- [Information shown]:

- Opening Delimiter -

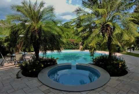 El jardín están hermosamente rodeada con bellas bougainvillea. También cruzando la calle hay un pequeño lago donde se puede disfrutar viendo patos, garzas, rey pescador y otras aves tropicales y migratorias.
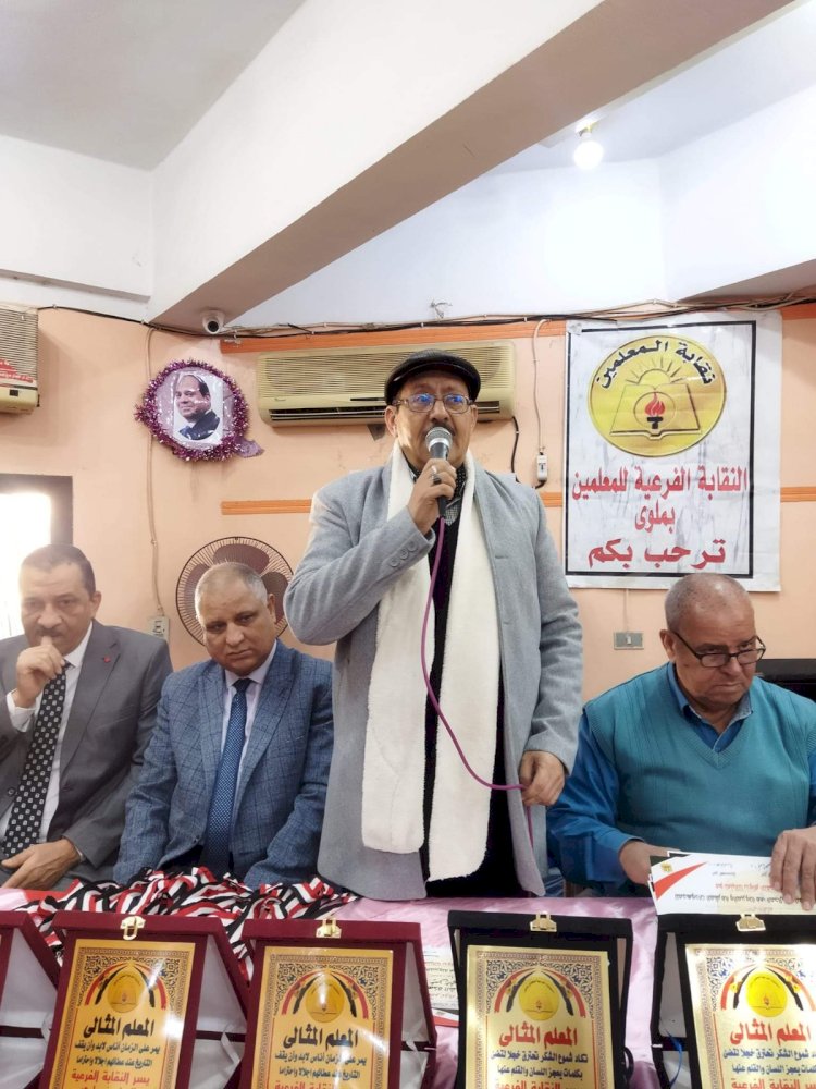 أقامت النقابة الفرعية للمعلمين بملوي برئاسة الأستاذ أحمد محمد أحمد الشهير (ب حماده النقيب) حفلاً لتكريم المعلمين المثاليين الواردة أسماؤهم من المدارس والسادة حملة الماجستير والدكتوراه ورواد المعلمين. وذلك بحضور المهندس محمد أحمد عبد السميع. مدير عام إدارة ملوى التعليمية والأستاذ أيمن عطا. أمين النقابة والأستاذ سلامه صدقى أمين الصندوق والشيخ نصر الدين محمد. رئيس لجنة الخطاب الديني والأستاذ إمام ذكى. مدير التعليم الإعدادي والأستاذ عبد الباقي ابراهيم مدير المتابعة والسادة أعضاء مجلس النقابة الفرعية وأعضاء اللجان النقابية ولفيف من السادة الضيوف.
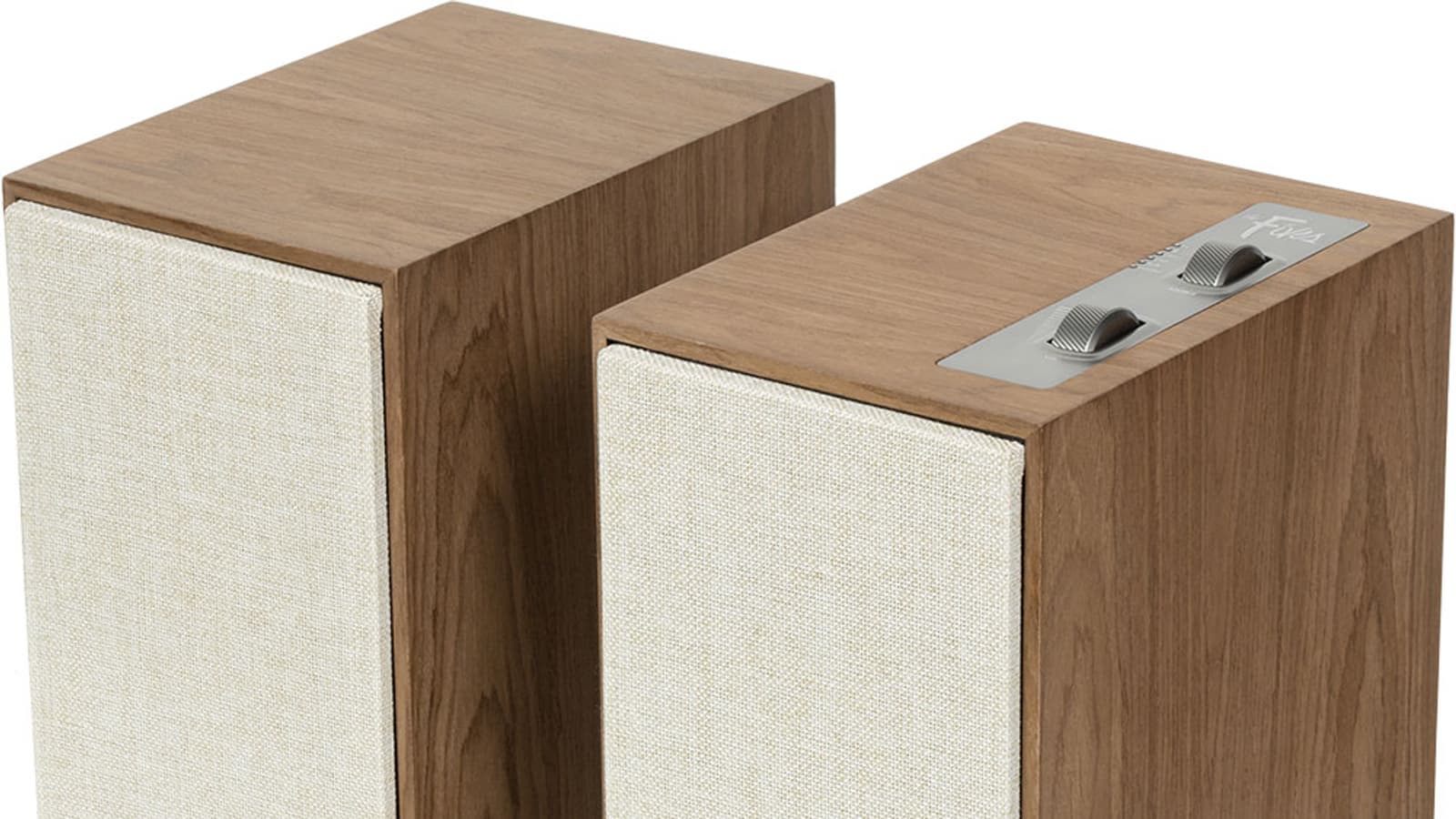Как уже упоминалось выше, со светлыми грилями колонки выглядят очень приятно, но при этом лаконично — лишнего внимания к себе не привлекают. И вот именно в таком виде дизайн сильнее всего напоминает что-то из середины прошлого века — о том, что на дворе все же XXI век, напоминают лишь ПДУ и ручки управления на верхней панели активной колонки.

- Closing Delimiter -

- [Problem description]: Return, exactly as they stand, all of the lines above, but not the pictures.

- [The answer]:
 El jardín están hermosamente rodeada con bellas bougainvillea. También cruzando la calle hay un pequeño lago donde se puede disfrutar viendo patos, garzas, rey pescador y otras aves tropicales y migratorias.
 أقامت النقابة الفرعية للمعلمين بملوي برئاسة الأستاذ أحمد محمد أحمد الشهير (ب حماده النقيب) حفلاً لتكريم المعلمين المثاليين الواردة أسماؤهم من المدارس والسادة حملة الماجستير والدكتوراه ورواد المعلمين. وذلك بحضور المهندس محمد أحمد عبد السميع. مدير عام إدارة ملوى التعليمية والأستاذ أيمن عطا. أمين النقابة والأستاذ سلامه صدقى أمين الصندوق والشيخ نصر الدين محمد. رئيس لجنة الخطاب الديني والأستاذ إمام ذكى. مدير التعليم الإعدادي والأستاذ عبد الباقي ابراهيم مدير المتابعة والسادة أعضاء مجلس النقابة الفرعية وأعضاء اللجان النقابية ولفيف من السادة الضيوف.
Как уже упоминалось выше, со светлыми грилями колонки выглядят очень приятно, но при этом лаконично — лишнего внимания к себе не привлекают. И вот именно в таком виде дизайн сильнее всего напоминает что-то из середины прошлого века — о том, что на дворе все же XXI век, напоминают лишь ПДУ и ручки управления на верхней панели активной колонки.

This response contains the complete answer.